Лицо Пелона дёрнулось.

— Но только не ты и не я, так, амиго? [6] — проговорил он — Мы знаем, что именно желаем узнать, правда?

— Иногда, — заметил Маккенна.

— Хорошо, но в этот раз, — заявил главарь банды, — мы знаем точно.

— Так ли? — осведомился Маккенна. — Каким образом?

— Вот каким, — отвечал приземистый краснокожий. — Я знаю, что каким-то образом ты проведал об Энхе, хранителе тайны, и отправился искать его, как и я, в надежде, обнаружив старика ещё до кончины, выжать из него историю о затерянном каньоне.

Маккенна решился.

— Хорошо, давай условимся, что мы оба ищем здесь пропавшее золото Адамса, — промолвил он. — Давай условимся также, что старый Энх хранил тайну и что мы оба надеялись выудить её у него, так или иначе. Согласившись на этом, зададим себе вопрос: если американец по имени Маккенна заставил старика рассказать ему, где находится золото, каким образом мексиканец по имени Франсиско Лопес сможет узнать об этом?

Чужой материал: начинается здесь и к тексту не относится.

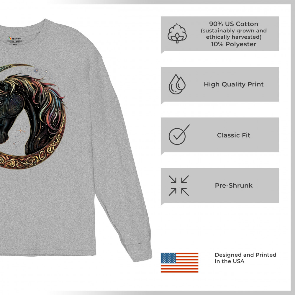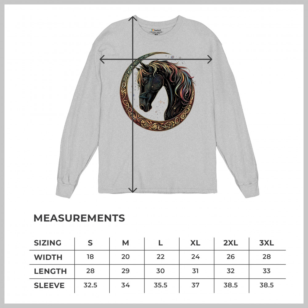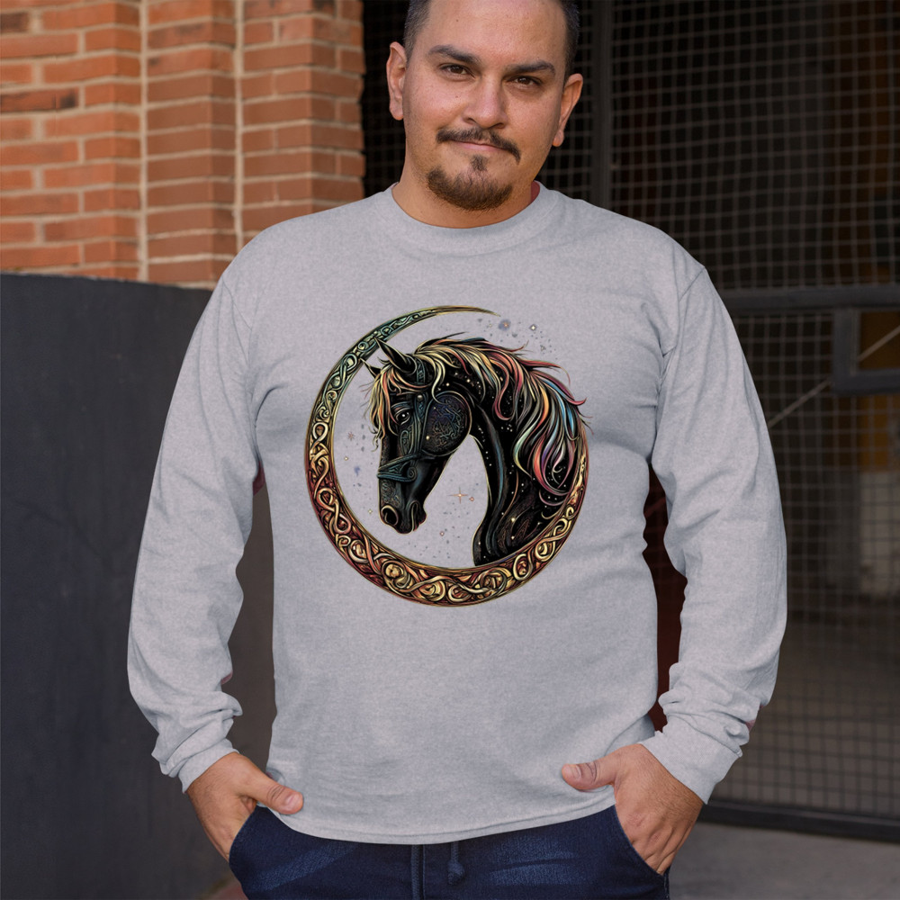 Celebrate the power and grace of the cosmos with this majestic black horse framed by a golden Celtic crescent moon. Its rainbow mane and celestial body symbolize strength, movement, mystery, and spiritual magic. A stunning piece for fantasy fans, equestrians, and dreamers who love horses and stars.

— Я могу убить тебя, — прорычал бандит.

— И что, это поможет тебе узнать? — удивлённо осведомился Маккенна. — Никогда не слышал, чтобы покойник мог давать точные сведения, а ты?

— Нет, конечно. Потому-то ты и жив до сих пор. Я всё ещё пытаюсь понять, рассказал ли тебе старик хоть что-нибудь.

— Что ж, — заверил его Маккенна, — позволь мне удовлетворить твоё любопытство. Он поступил куда лучше. Он нарисовал мне карту пути до этого каньона. Он начертил её вот здесь, на песке, прямо у моих ног.

— Ещё одна плохая ложь, — презрительно бросил Пелон. — Не силён ты притворяться, Маккенна. И ребёнок догадался бы, что ты лжёшь.

Маккенна пожал плечами и лёгким жестом левой руки указал на почву позади себя. И одновременно подвинулся в сторону.

— В таком случае, — сказал он, — поскольку всё очень просто, даже Пелон сможет увидеть подтверждение моих слов. Свет сумерек меркнет, но думаю, что ты всё же сможешь признать в начертанном на песке карту пути в Каньон-дель-Оро и ко всему утерянному золоту Адамса.

В миг безмолвия, последовавший за этим, Пелон и его товарищи в замешательстве обменялись взглядами, а Маккенна, успев мысленно сотворить короткую, быструю молитву, покрепче ухватил рукой мескитовую ветку.

Пор Диос! [7] — вскричал Пелон. — Возможно ли это?

И вслед за восклицанием возглавил запоздалый рывок всей своей шайки по направлению к Маккенне и карте, начертанной на песке у Яки-Спринг. Бородатый золотоискатель дал им остановиться и замереть с глазами, блестящими от алчности и предчувствия наживы. Он подарил им самое короткое мгновение, необходимое для того, чтобы общее представление — но не подробности карты Энха смогли проникнуть в их сознание. Затем, подняв искривлённую ветку мескита, он широким зигзагообразным движением по самому центру карты стёр её под полубезумными взглядами Пелона Лопеса и пяти его отчаянных головорезов.

 

3

Спутники Пелона

 

Маккенна был в некотором роде философом и потому счёл, что, если б не обстоятельства, ночь была бы просто очаровательной. Светила луна в три четверти своей полноты, окраской соперничая со спелой тыквой. Пустыня после жестокого палящего дня была восхитительно прохладной. Воздух, пусть не столь резкий или холодный, каким он бывает в более возвышенном месте, нёс в себе какую-то целительную силу. И потому пленённый золотодобытчик глубоко вдыхал окружавшие его ароматы — лавандовый, цветов пустынной ивы, жёлтых соцветий паловерде, терпкий запах кедра и можжевельника — и раздумывал, не последняя ли это ночь его на земле.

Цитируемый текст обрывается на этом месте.